Going Against The Grain: Part Four

"Coming to Voice: Maria W. Stewart, a Case in Point"

In this section of Going Against The Grain, we see a life model of the attributes necessary of black women discussed earlier in the passage. Maria W. Stewart was a powerful black woman who spoke out in order to put fire behind black female progressiveness. She uses her literacy to push the entire race and gender forward, as opposed to solely out of individual need or desire. As Freire would say, she developed her own "critical consciousness." In reading states, "They re-envisioned their context, reshaped their sense of reality, charted courses of action, including rhetorical actions, that would lay the foundations from which a tradition of literacy and social action would emerge." This was the type of woman Maria W. Stewart was. Stewart's husband was politically active in speaking out about social liberation and equality for African-Americans, many argue that because of her husband's position, she was granted more possibilities and less backfire.
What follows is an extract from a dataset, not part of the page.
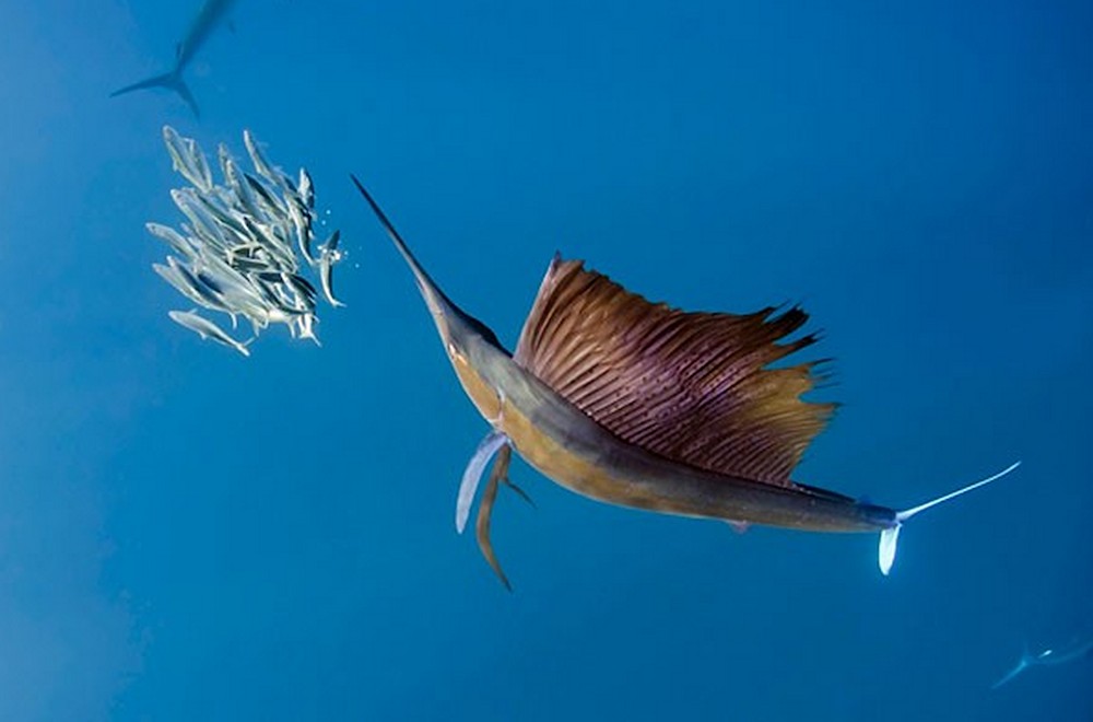 In der Kategorie Unter Wasser siegte Magnus Lundgren aus Schweden mit dem Bild «Schwertfisch bei der Jagd – Segelfisk jagar»

On December 7th, 1829, her husband, James Stewart, died due to illness. James Stewart was a wealthy man considering his African-American racial status, however Maria never saw the money she should have rightfully been given. Because Stewart was a woman, and a black woman, she experienced "blatant displays of discrimination for both her race and her gender, she found herself stripped almost totally of all that he had owned." In this case, it's apparent to me the lack of respect and the lack of consideration for African-American women. The white men fighting for the money gave no thought to her level of income, or how she was living after his death.  Events such as these gave her the drive to speak out publicly. However, during this time period, women weren't given this privilege.  Stewart provided a life example of how women were going to have to step out of their comfort zones and fight for what they wanted and believed in, all the time and endlessly. At 76 years old, she was still fighting and filed a pension as the widow of a war veteran. Stewart fought for years on end, until her death for the betterment of African-American women. She paved the way for many women who would have to take those same kinds of stands against society.